How liquid are those earnings? Can they be withdrawn easily and converted to BTC/USD?


The earnings are in the form of Steem Power, Steem,and steem dollars. The latter was apparently an attempt to make a stable currency, which tracked the dollar, which failed to live up to its goals.

Steem power is very illiquid and takes time to "power down" the steem power into steem. Steem is the main currency, which you trade on the markets (along with Steem dollars).


Yes, although about 50% of the payout amount in the default case is in the form of Steem Power, which takes ~12 weeks to convert to STEEM which can be instantly traded like any other coin.

Delay aside, it’s all the author’s.


cumulatively or is that how much they're earning per month?


It's how much they've earned for that particular video so far. I've been saying it for a while here but nobody seemed to listen. d.tube is way better for smaller creators than YouTube is right now, and with a tiny fraction of YouTube's audience.

Plus, YouTube is only going to get worse for small creators, as Google tries to cater more and more to the big companies and punish the creators for "advertiser-offensive content". Meanwhile, d.tube should get better and better as both it and STEEM (the tipping mechanism) rise in popularity.

The nice part is the creators don't even have to give-up YouTube to try out d.tube. They can just upload the video to both and see for themselves what's the difference.


With a new monetised platform, with money being incredibly obvious on the UI, the incentive is pretty high to just steal popular content from YouTube and repost it. How do they ensure original content or ownership?


They don't. People are going to get screwed and sued over this.


If Facebook doesn't care about enforcing copyright, why should such a small website?

That really seems like an argument that is made only to hurt startups.


> That really seems like an argument that is made only to hurt startups.

you're looking at this the wrong way. Yes, startups should enforce copyright. But so should facebook.

They just get away with it because they are big


Yes, that's the point the commenter is making.
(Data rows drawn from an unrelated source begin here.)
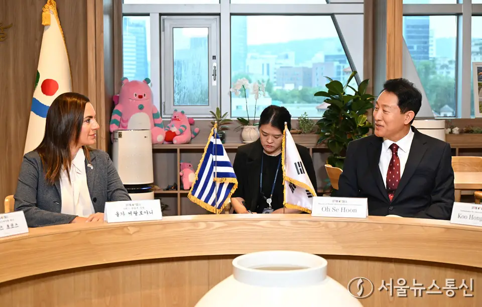 【서울 = 서울뉴스통신】 이민희 기자 = 오세훈 서울시장이 25일 서울 중구 서울시청에서 올가 케팔로야니 그리스 관광부 장관과 면담하고 있다. (서울시 제공) 2025.08.25....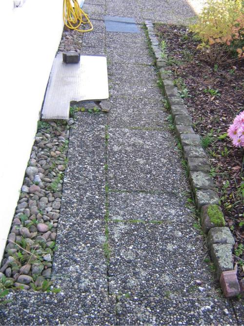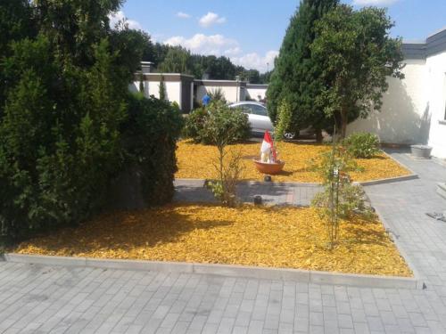 und durch Dekor-Rindenmulch ersetzt. Der alte Pflasterbelag des Vorgartens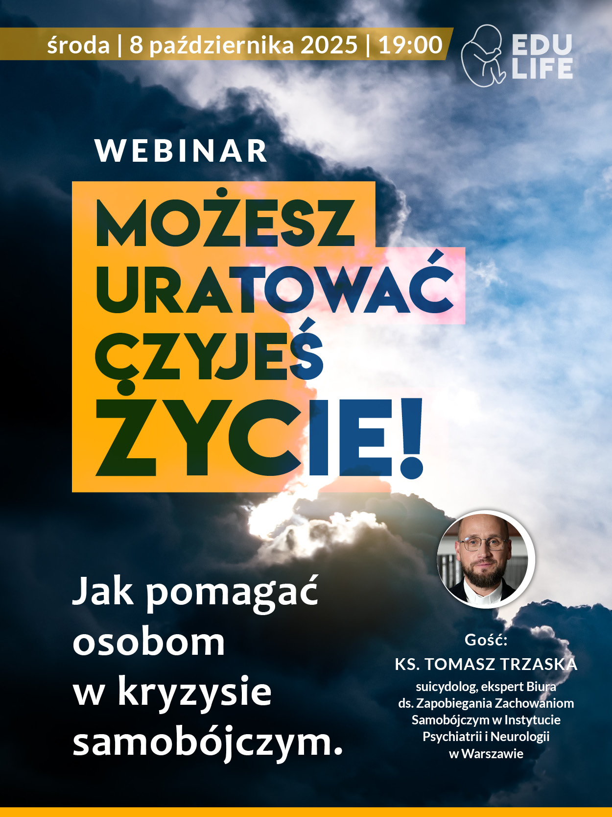 Webinar pt. „Możesz uratować czyjeś życie! Jak pomagać osobom w kryzysie samobójczym” jest kolejnym spotkaniem z cyklu EduLife, którego organizatorem jest Polskie Stowarzyszenie Obrońców Życia Człowieka. To cykl popularnonaukowych webinarów, które odbywają się raz w miesiącu od października do czerwca. Wykłady i rozmowy z zaproszonymi gośćmi są cenioną przez licznych odbiorców okazją do poszukiwania odpowiedzi na najtrudniejsze pytania m.in. o prawo do życia, rozwój dziecka w łonie matki, cele diagnostyki prenatalnej. Wszystkie nagrania webinarów są dostępne na kanale Polskiego Stowarzyszenia Obrońców Życia Człowieka na YouTube.

>How do they ensure original content or ownership?

This has become a big issue on the STEEM blockchain - plagirism, irrelevant junk etc.
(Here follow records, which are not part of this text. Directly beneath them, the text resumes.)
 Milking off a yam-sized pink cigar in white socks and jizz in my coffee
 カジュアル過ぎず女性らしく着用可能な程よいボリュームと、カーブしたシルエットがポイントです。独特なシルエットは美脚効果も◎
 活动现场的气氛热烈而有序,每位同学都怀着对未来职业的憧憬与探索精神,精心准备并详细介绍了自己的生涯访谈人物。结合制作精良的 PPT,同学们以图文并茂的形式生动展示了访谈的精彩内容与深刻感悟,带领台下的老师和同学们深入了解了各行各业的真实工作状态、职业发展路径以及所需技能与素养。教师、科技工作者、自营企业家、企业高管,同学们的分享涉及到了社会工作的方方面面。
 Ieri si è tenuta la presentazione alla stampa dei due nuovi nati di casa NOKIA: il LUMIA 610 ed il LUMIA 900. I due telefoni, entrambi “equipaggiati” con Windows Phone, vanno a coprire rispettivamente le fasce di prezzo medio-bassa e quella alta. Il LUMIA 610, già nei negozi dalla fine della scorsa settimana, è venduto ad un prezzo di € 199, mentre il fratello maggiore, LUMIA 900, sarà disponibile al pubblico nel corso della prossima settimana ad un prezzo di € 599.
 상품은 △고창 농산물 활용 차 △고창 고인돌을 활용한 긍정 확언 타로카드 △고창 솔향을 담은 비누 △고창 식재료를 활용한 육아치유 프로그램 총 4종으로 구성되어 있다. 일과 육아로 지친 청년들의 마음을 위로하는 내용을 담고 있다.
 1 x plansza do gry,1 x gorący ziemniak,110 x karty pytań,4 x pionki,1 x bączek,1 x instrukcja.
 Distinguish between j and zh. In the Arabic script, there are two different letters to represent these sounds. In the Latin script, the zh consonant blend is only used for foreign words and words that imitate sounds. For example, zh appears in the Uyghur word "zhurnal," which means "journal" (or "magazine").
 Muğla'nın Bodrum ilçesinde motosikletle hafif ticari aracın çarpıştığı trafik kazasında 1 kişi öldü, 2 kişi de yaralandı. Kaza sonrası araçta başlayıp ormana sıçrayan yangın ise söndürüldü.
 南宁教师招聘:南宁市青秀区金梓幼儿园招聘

Generally the STEEM blockchain is otherwise very fast and healthy but the content issue putting it strain from every front.


Automated AI algorithms, some day.


how is an "AI algorithm" going to figure out a newly uploaded video is a dupe of a Youtube video that is in the process of trending? How would you effectively contentID every single popular video on Youtube and run it against a fully distributed video platform? Just magical AI things I guess?


contentID sort of thing is actually possible - I am actually working on a proof of concept AI bot to identify spam and plagiarism.

some basic info is here : https://steemit.com/hello/@thefreebird/init-1


My impression is that it is all within the first 20 days after posting,

but I haven't looked into it closely and could easily be remembering incorrectly or have misunderstood.


You can only earn the first seven days after the post was created.


If you create something that has a lasting appeal you should repost it every X days.. Sounds dumb.